Первые отважные одиночки уже ступили на лёд. Он гнулся у них под ногами, но держал. Марьяна тоже поспешно шагнула. Сердце её забилось учащенно, она посмотрела на Петрякова, распростёртого на носилках, и улыбнулась ему. Все, что было в их жизни за эту трудную зиму, все, что прежде казалось таким страшным, невыносимым, всё меркло перед этой новой тревогой.
– Люблю...
– безмолвно сказала ему глазами.
Он ответил взглядом:
– Люблю...
Марьяна ещё раз шагнула.
Вслед за ловкими, смелыми одиночками на лёд потянулись и остальные бойцы. Лёд заскрипел, но всё ещё держал людей, хотя и потрескивал, как бы жалуясь на непосильную ношу.

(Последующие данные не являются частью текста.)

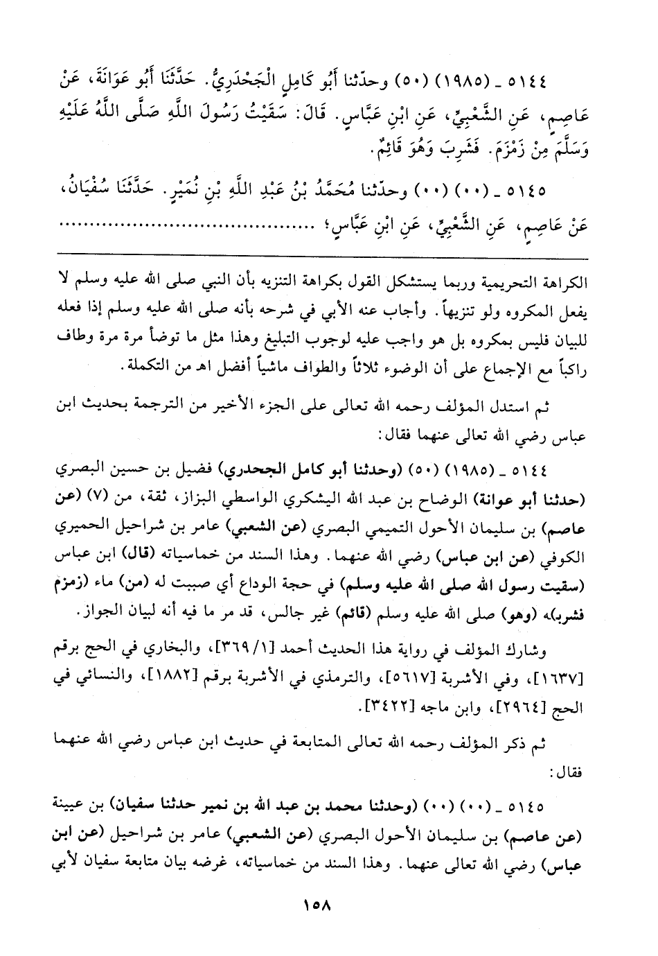 ٥١٤٥ - (٠٠) (٠٠) (وحدثنا محمد بن عبد الله بن نمير حدثنا سفيان) بن عيينة (عن عاصم) بن سليمان الأحول البصري (عن الشعبي) عامر بن شراحيل (عن ابن عباس) رضي الله تعالى عنهما. وهذا السند من خماسياته، غرضه بيان متابعة سفيان لأبي
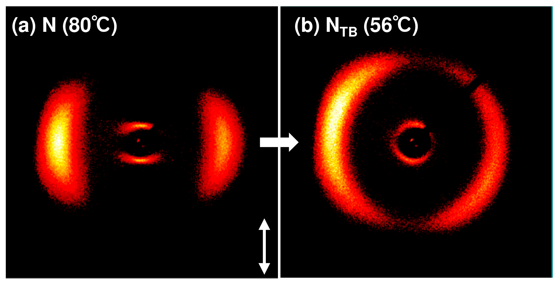 - Gorecka, E.; Vaupotič, N.; Zep, A.; Pociecha, D.; Yoshioka, J.; Yamamoto, J.; Takezoe, H. A Twist-Bend Nematic (NTB) Phase of Chiral Materials. Angew. Chem. Int. Ed. 2015, 54, 10155–10159. [Google Scholar] [CrossRef]
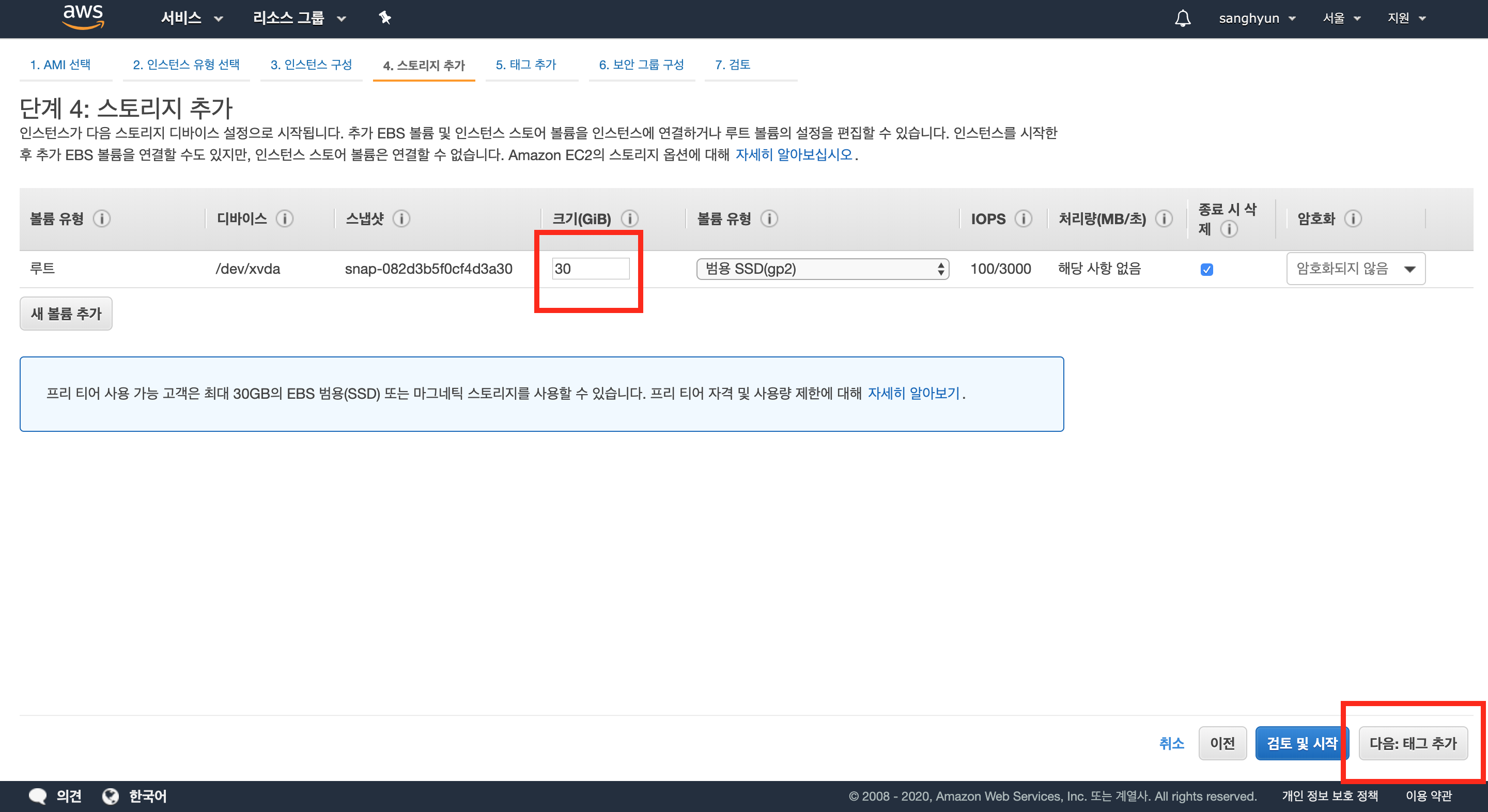 다음은 스토리지 추가 단계이다. 서버의 용량을 얼마나 정할지 선택하는 단계이다. 기본값은 8GB인데, 프리티어로 30GB까지 가능하다. 따라서 30GB로 변경한 후 다음으로 넘어가자.

И вдруг неожиданно, одним разом, из белого панциря реки столбом вверх поднялись многочисленные водяные фонтаны: справа, слева, впереди. А главное - позади, на залитой вешней водой луговине, отсекая ступивших на лёд от только что оставленного ими берега. Это залпом ударили немецкие пушки.
Оскользаясь на мокром, полированном льду, Марьяна опять оглянулась: где Петряков, жив ли?